## TASK GOAL
Reproduce exactly the first line of the material below and every line after it, ending with the line that contains "brown Posté(e) le". No pictures should be copied.

## SOURCE DATA
#####

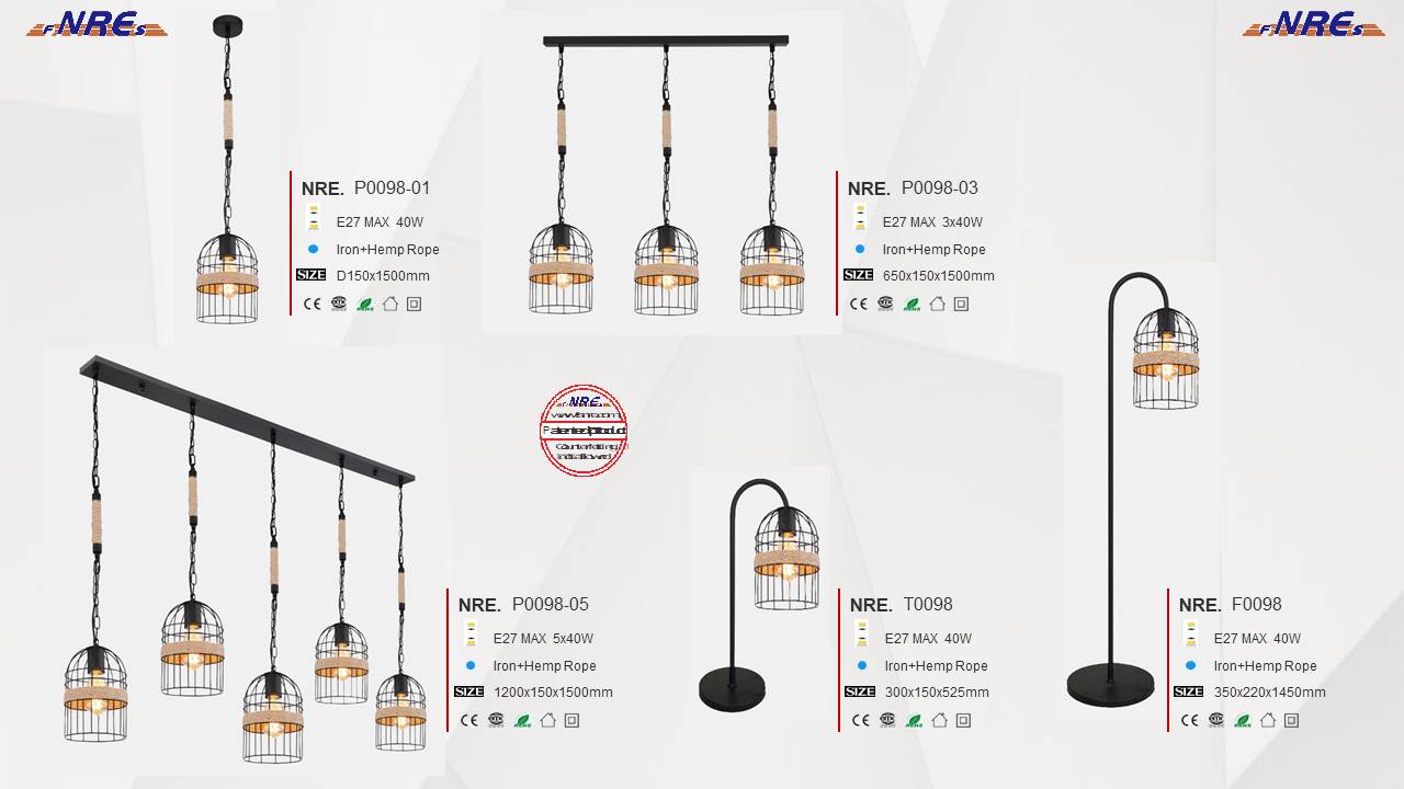 NRE.P0098-03 E27 MAX 4x40w iron+Hemp Rope size:650x150x1500mm
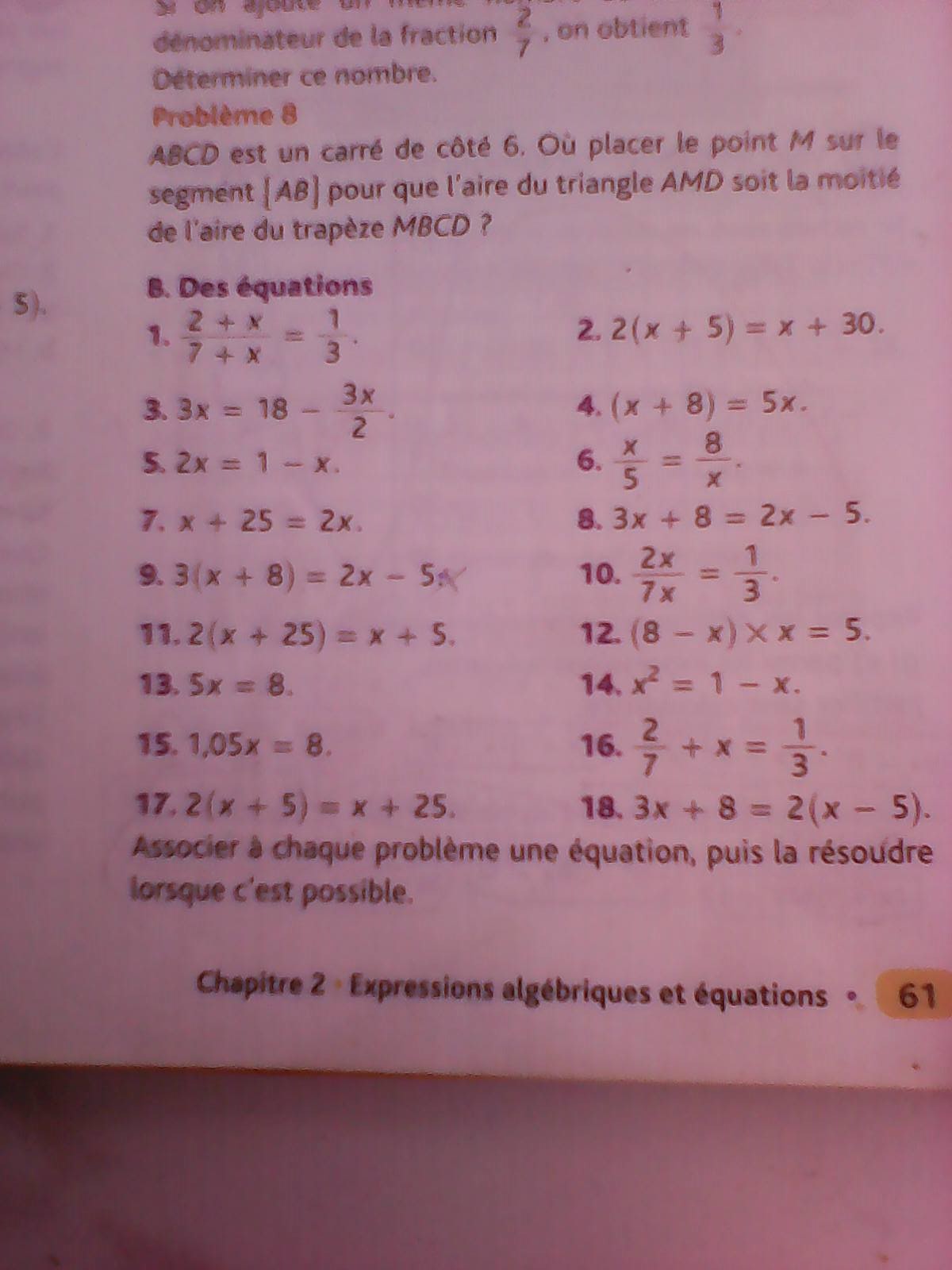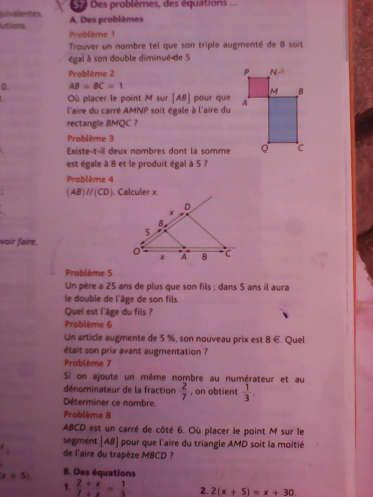 brown Posté(e) le 17 janvier 2016 Signaler Posté(e) le 17 janvier 2016 bonsoir j'ai besoin d'aide pour faire mes équations et mes problème merci d'avance
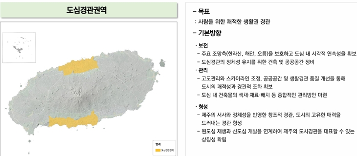 [한라일보] 한라산 해발고도 200m 미만 행정동 도시지역과 우도·추자면을 제외한 읍면사무소 소재 도시지역이 각각 '도심경관 권역'과 '읍면 중심지 경관 거점'으로 새롭게 지정돼 각 권역별로 경관 가이드라인을 준수하면 인센티브가 부여된다.

#####

## RESPONSE TO THIS EXERCISE
 NRE.P0098-03 E27 MAX 4x40w iron+Hemp Rope size:650x150x1500mm
 brown Posté(e) le 17 janvier 2016 Signaler Posté(e) le 17 janvier 2016 bonsoir j'ai besoin d'aide pour faire mes équations et mes problème merci d'avance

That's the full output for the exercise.